The absence of STG can lead to many difficulties in implementing a state policy on medicines. It is difficult to make available the required / needy medicines in the health care facilities without interruption without EDL and STGs. Lack of STG leads to duplication and multiplication of certain medicines in the KMSCL warehouses and the hospital pharmacies causing much difficulties and hardships to the inventory management. It also promotes different prescription pattern even for mild conditions. Publication of STG/STP is essential to promote rational drug use.

Effective quality assurance process and timely testing facilities for medicines

Being a consumer state without much pharmaceutical manufacturing units, the state has to take extra care in ensuring quality control and quality assurance aspects of medicines marketed and/ used in the state. Unethical marketing strategies adopted by certain corners and the delay in withdrawing drugs found ‘not of standard quality’ (NSQ) are examples of serious issues faced by the state. The quality control mechanism is in doldrums and about less than one% of the batches of medicines used in the state are tested in the drug testing laboratory of the drugs control department. The proposal for establishing four regional laboratories of the department is not moving in the expected speed/ manner.

Computerized medicine registry for the state.

The state is facing many threats in the case of medicines, their storage, distribution and usage both in public and private set ups. The drug safety has to be ensured with respect to their quality, authenticity, availability and affordability. Unapproved combination drugs, formulations and dosage forms; drugs with similar/ identical or same names, marketing of defective and manipulated pharmaceutical products, clandestine marketing network, clinical trials etc. are issues to be attended seriously. Currently the state is not having any set-up to have a data base on medicines used/ marketed in the state. Drugs with same and similar trade/brand names are available in the hospitals and community pharmacies with entirely different active ingredients. Some agencies supply medicines to the state and vanish from the scene. It is difficult to trace them out as they don’t have any office or premises anywhere. The drugs control department is helpless in this regard. In order to solve such issues and establish a system in the state, a computerized medicine registry has to be established.
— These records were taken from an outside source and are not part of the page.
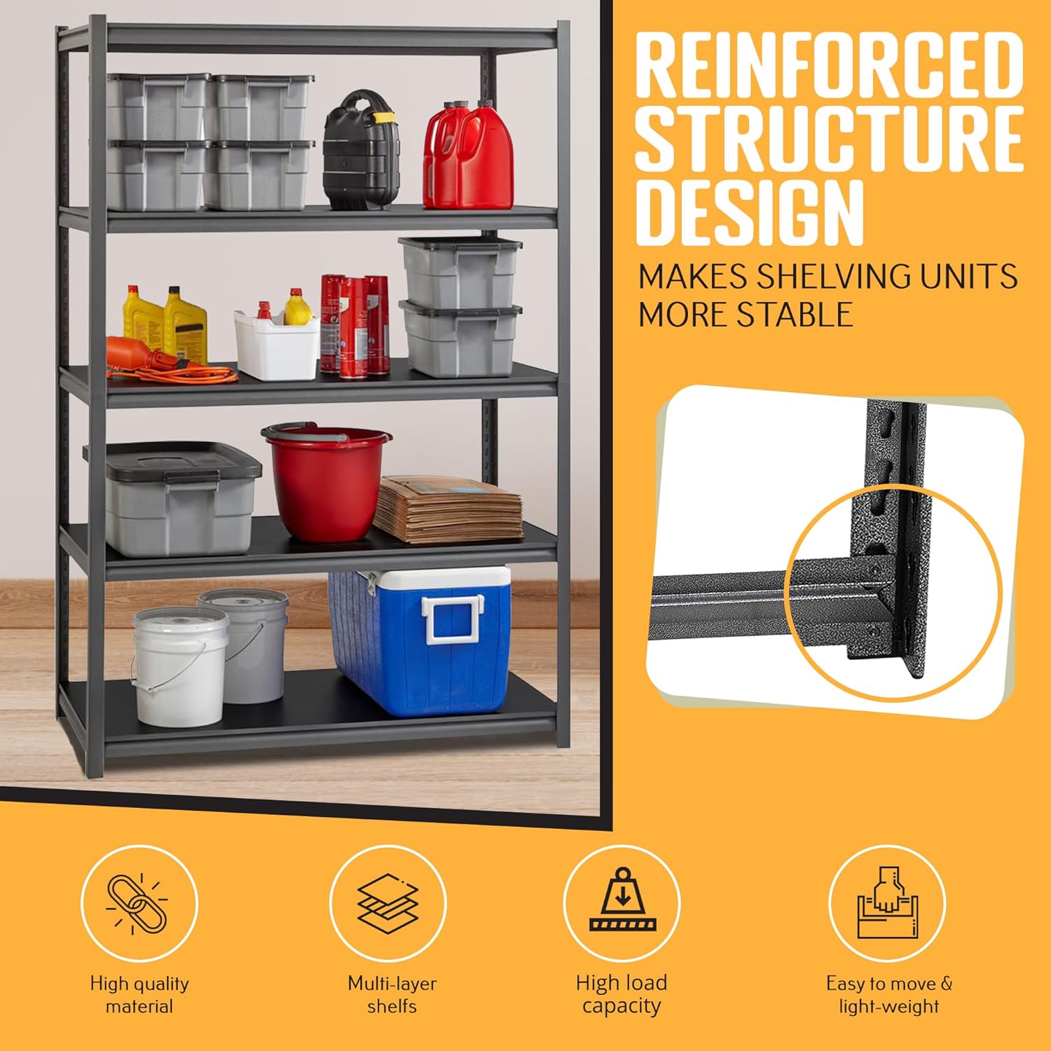 Rigma 5 Tier Garage Shelf, Heavy Duty Steel Shelving Unit, Adjustable Metal Multi-use Storage Rack, Shelves for Garage, Basement, and Industrial Warehouse Or Office (47" W X 20" D X 72" H 5-Tier)
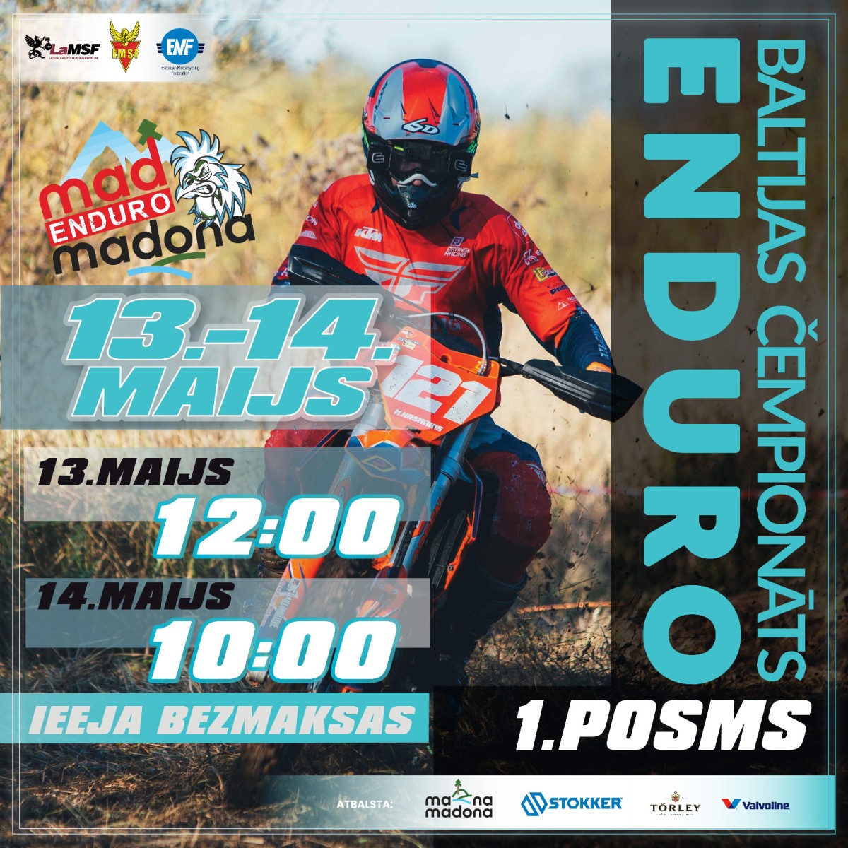 Maija otrajā nedēļas nogalē – 13. un 14. datumā Madonā, motoparkā “Smeceres sils” startēs Baltijas čempionāta un kausa pirmais posms, Latvijas čempionāta un kausa otrais posms enduro “Madona 2023”, kā arī tas būs Igaunijas čempionāta un kausa trešais posms, Lietuvas čempionāta un kausa otrais posms enduro.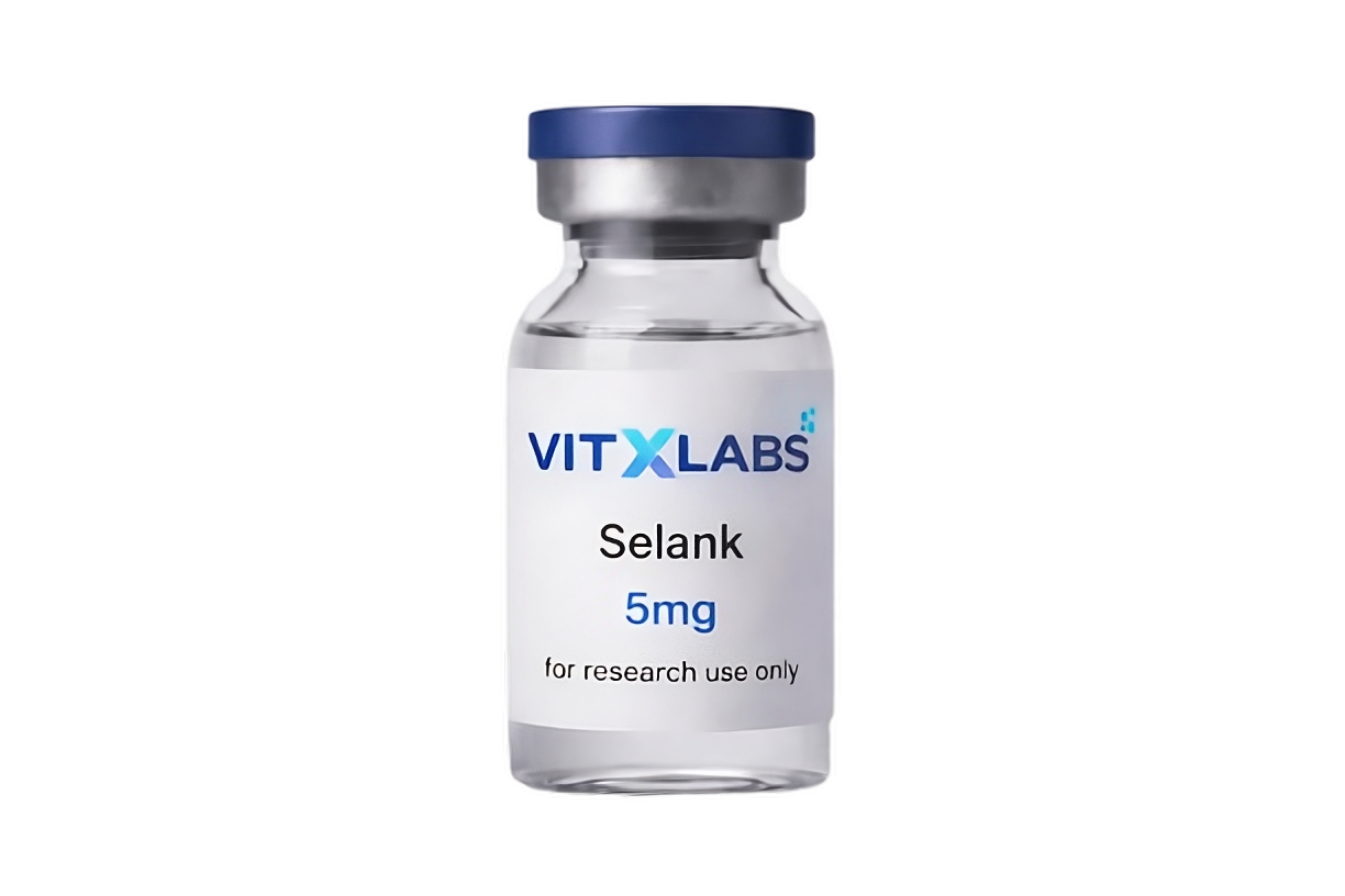 Lyophilized Selank (5mg) for research use. A synthetic heptapeptide analog of tuftsin, studied in immunomodulatory and anxiolytic signaling research.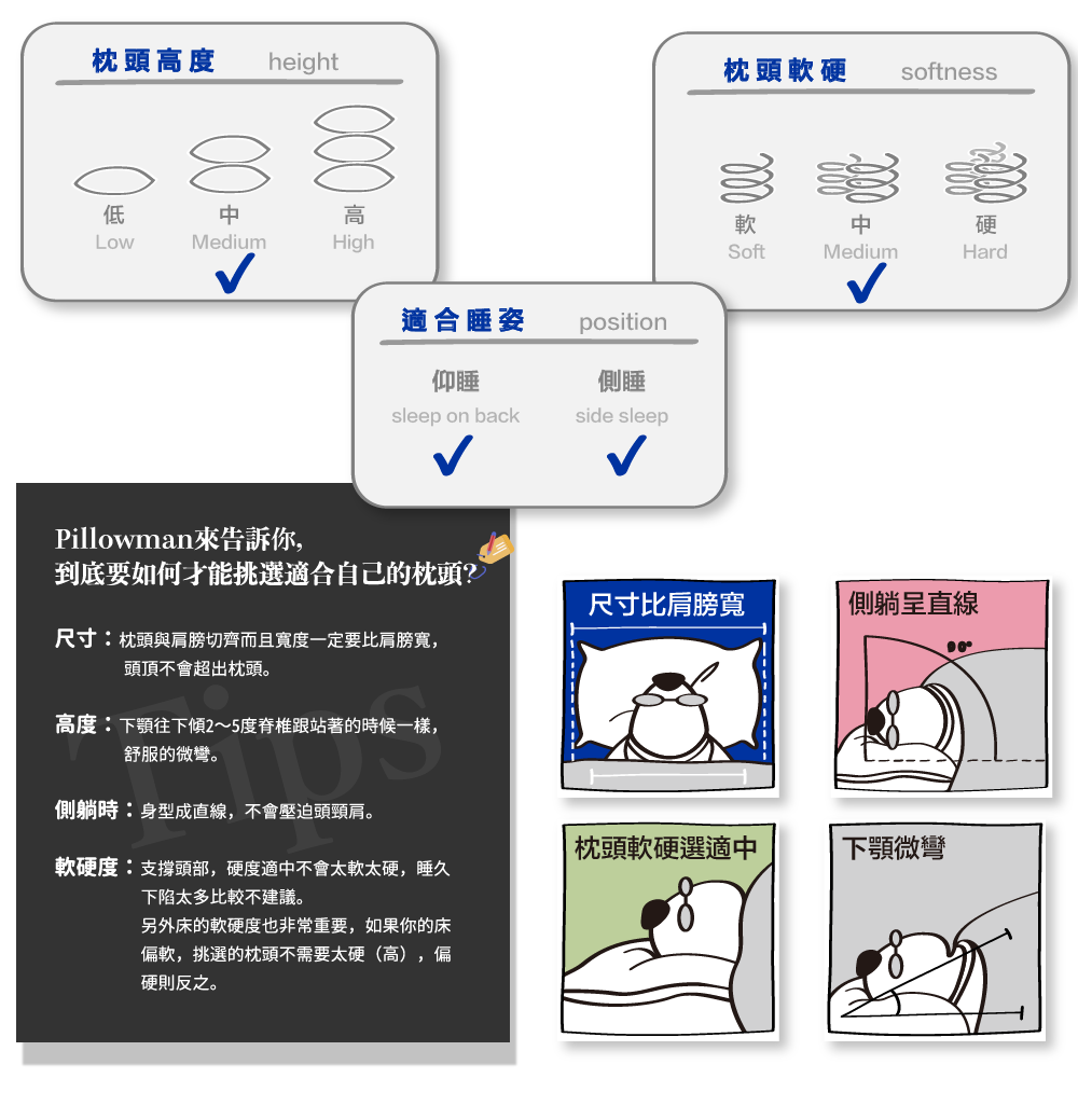 經典枕#3號 高支撐: 正躺 偏高 側躺 偏高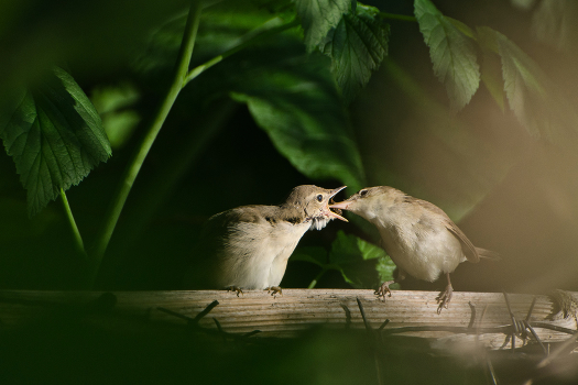 Садовая камышовка кормит птенца слётка. Россия. Тульская область. Ленинский район. Архангельское.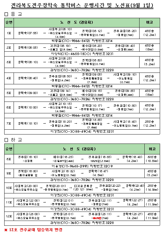 2학기를 맞이하여 통학버스를 아래와 같이 운행하니 참고하시기 바랍니다.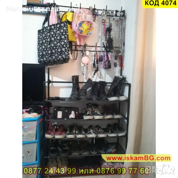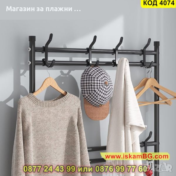 Мултифункционална етажерка, която може да се използва като стойка за обувки, закачалка за дрехи, шапки, обувки, чанти, чадъри и други.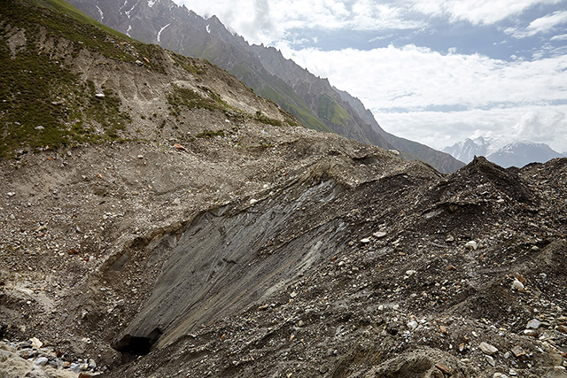 В 12:00 выходим к кошу Taga Phari (тоже без людей). Вниз по долине пути нет – карман морены заканчивается, и склоны долины уходят прямо в реку, вытекающую из ледника. Где-то здесь тропа должна выйти из кармана, пересечь ледники Barpu и Bualtar у их слияния и выйти в посёлок Hoper. Ледник находится ниже нас на несколько десятков метров под конгломератным обрывом. Почему-то много ложных (старых?) троп, упирающихся в обрыв.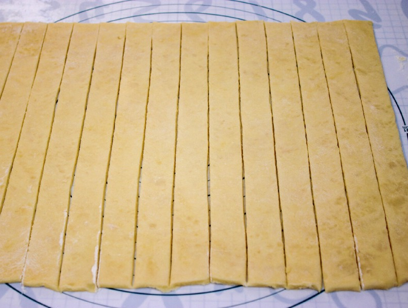 Робочу поверхню присипати борошном. Тісто розкотити в прямокутний пласт, товщиною близько 3 мм. Краї обрізати, потім нарізати смужки завширшки 2,5 см.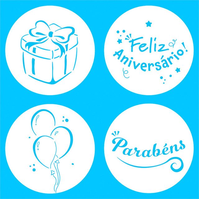| Kit Mini Stencils Parabéns - 7cm - 4 unidades - BlueStar - Rizzo este produto | R$ 28,90 | — | 5.0/5 | — |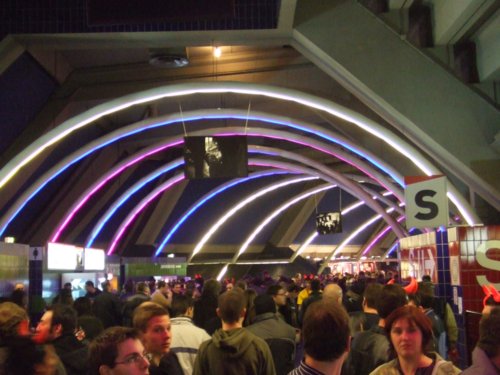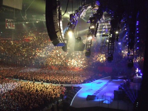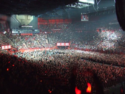 Après avoir comme il se doit et comme tout le monde, éclusé quelque bières-cacahuètes sur le parvis du POPB, on gagne donc l'intérieur, dont le couloir circulaire est à la fois très fonctionnel et particulièrement laid (on se croirait dans Total Recall), et une salle qui ne donne pas l'impression d'être si grande que ça - globalement une réussite architecturale, donc. La salle est toutefois floquée aux couleurs traumatisantes de RTL (et oui, même pas de RTL 2 !), ce qui ouvre de bouleversants abimes sur le sens de la vie et sur l'identité possible du fan lambda d'AC/DC qui, on le réalise soudain, pourrait au fond bien être le même que celui de Johnny...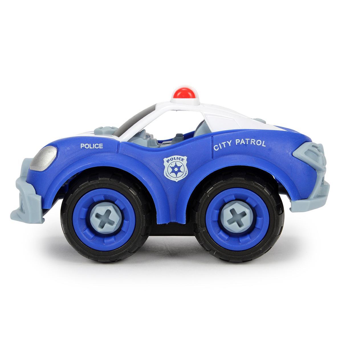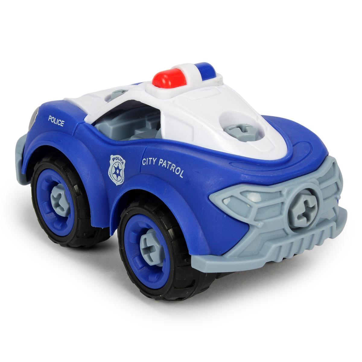 Преимущества данной модели включают простоту сборки, красочный дизайн с изображением полицейского автомобиля, а также возможность улучшать навыки моторику и воображение. Размер автомобиля — около 12 см в длину, что делает его компактным и удобным для игр дома и в дороге. Пластик высокого качества обеспечивает прочность и долговечность, а яркое оформление стимулирует интерес к обучению и творчеству.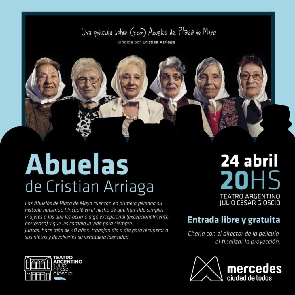 Este domingo 24 de abril se presentará en nuestra ciudad el Film Abuelas Una película sobre (y con) Abuelas de Plaza de Mayo que se realizó en conmemoración y reconocimiento de los 45 años de lucha de la Abuelas de Plaza de Mayo. La proyección será en la sala B del Teatro Argentino “Julio César Gioscio”, a las 20:00 , y la entrada es libre y gratuita. Además, luego de la misma, su director Cristian Arriaga estará realizando una charla/debate.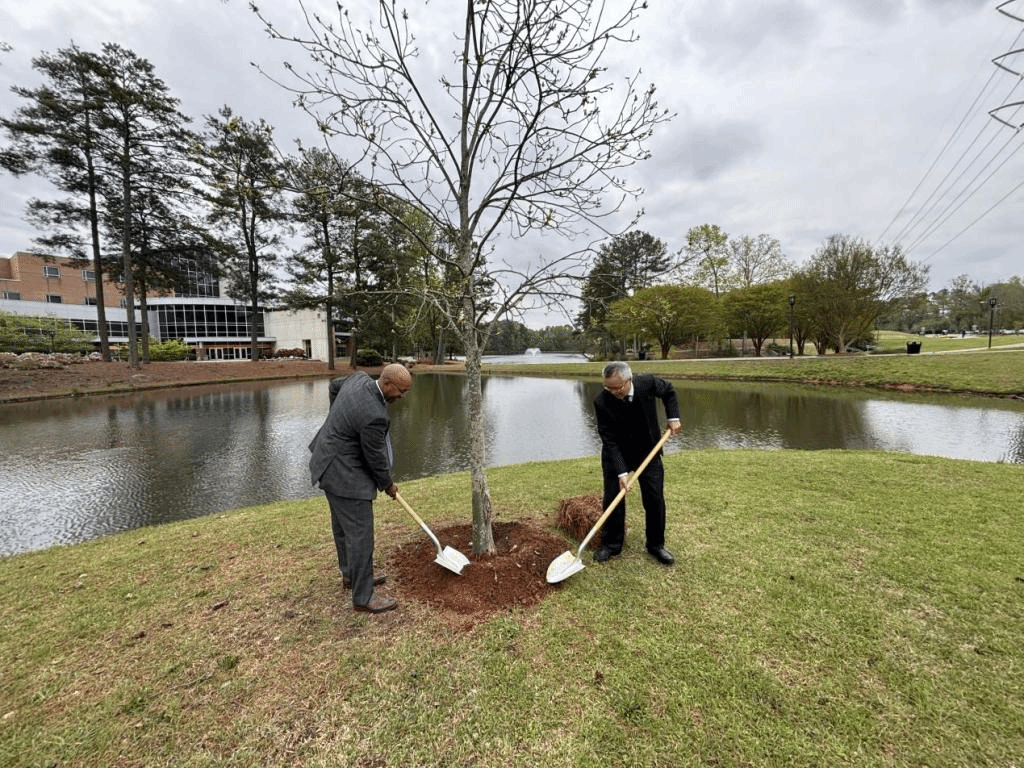 与克莱顿州立大学校长种下代表友谊的“常青树”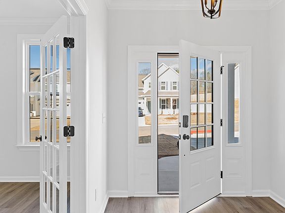 In the Palmer - A plan, as you enter, there is an office with french doors to your right. A sunroom offers a bright and warm space for a cozy dining space or sitting area. The kitchen and family room are open and spacious, plenty of space for entertaining or hanging out with the family. You'll love the center island and a cozy fireplace. The kitchen is bright with white cabinets, quartz counter tops, backsplash, and gas cooktop. You will also get an organizational closet space off of your kitchen where you can store those Bulk grocery items and not have to take up space in your pantry. This two-story home comes with 3 bedrooms and 2.5 bathrooms. Upstairs, the primary bedroom connects to a generous bathroom with double sinks, a HUGE walk-in double closet and a tiled shower. Additionally, there are 2 other bedrooms with walk-in closets and another full bathroom. You also get a loft area where you can get away from it all after a long day or utilize it as a second living space where your kids can entertain their friends. You'll love living in Yorkshire Farms with desirable schools, minutes to the local library, easy access to I-85,and a quick fifteen minute drive from downtown Greenville!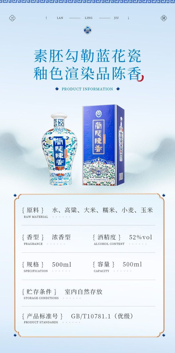 兰陵陈香蓝瓷陈香52度500mL*6浓香型白酒纯粮 自饮送礼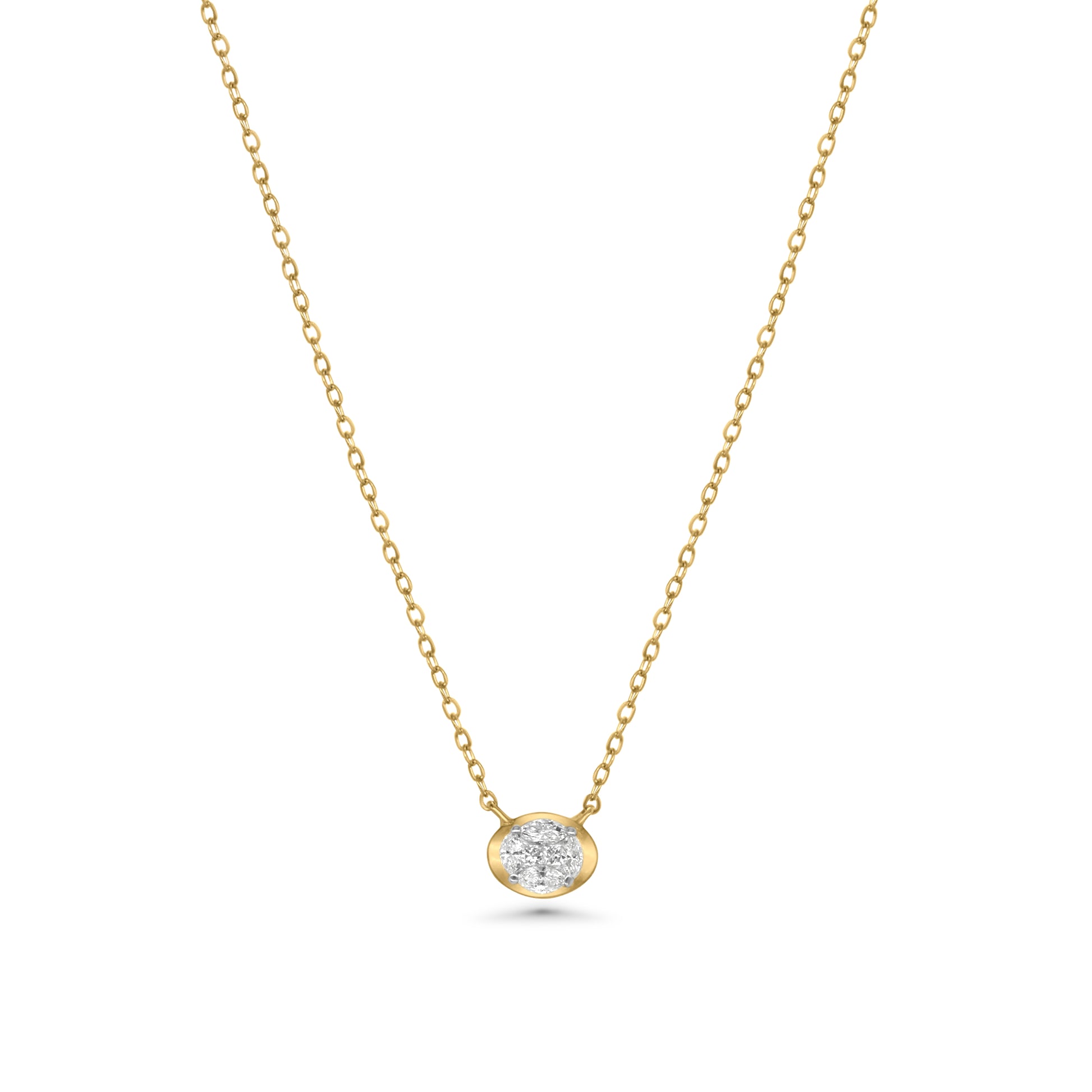 A modern take on timeless elegance — the Oval Bezel Necklace showcases a captivating oval silhouette crafted in 18K gold, framing a luminous cluster of diamonds. At its center, a 0.19ct marquise diamonds and a 0.04ct princess-cut diamonds unite to create a refined sparkle that radiates understated luxury. Its smooth bezel setting offers a sleek, contemporary touch, making it perfect for everyday wear or layering with other delicate pieces.

Access to quality essential medicines at the government health facilities and at affordable prices at private pharmacies and hospitals is essential. The availability of antihypertensive medications is average in public sector, when compared with KCP and private pharmacies were all the antihypertensive medicines available. The high cost of the medicines in India makes treatment less affordable for the poor sections of the population. The KCP prices are not the lowest as per the common beliefs, but they are significantly lower than the highest priced branded medication available in the market. The Government should consider in expanding the KCP services to other districts at the earliest, which will be benefit for the society. Even though the rule is there, make sure that doctors should prescribe generic medications and government should generate awareness among the people about the availability and quality of generic medications. Modifications and monitoring of pharmaceutical policy at the national and state level are necessary to improve affordability and hence access to medicines for the people.


No conflict of interest declared by authors.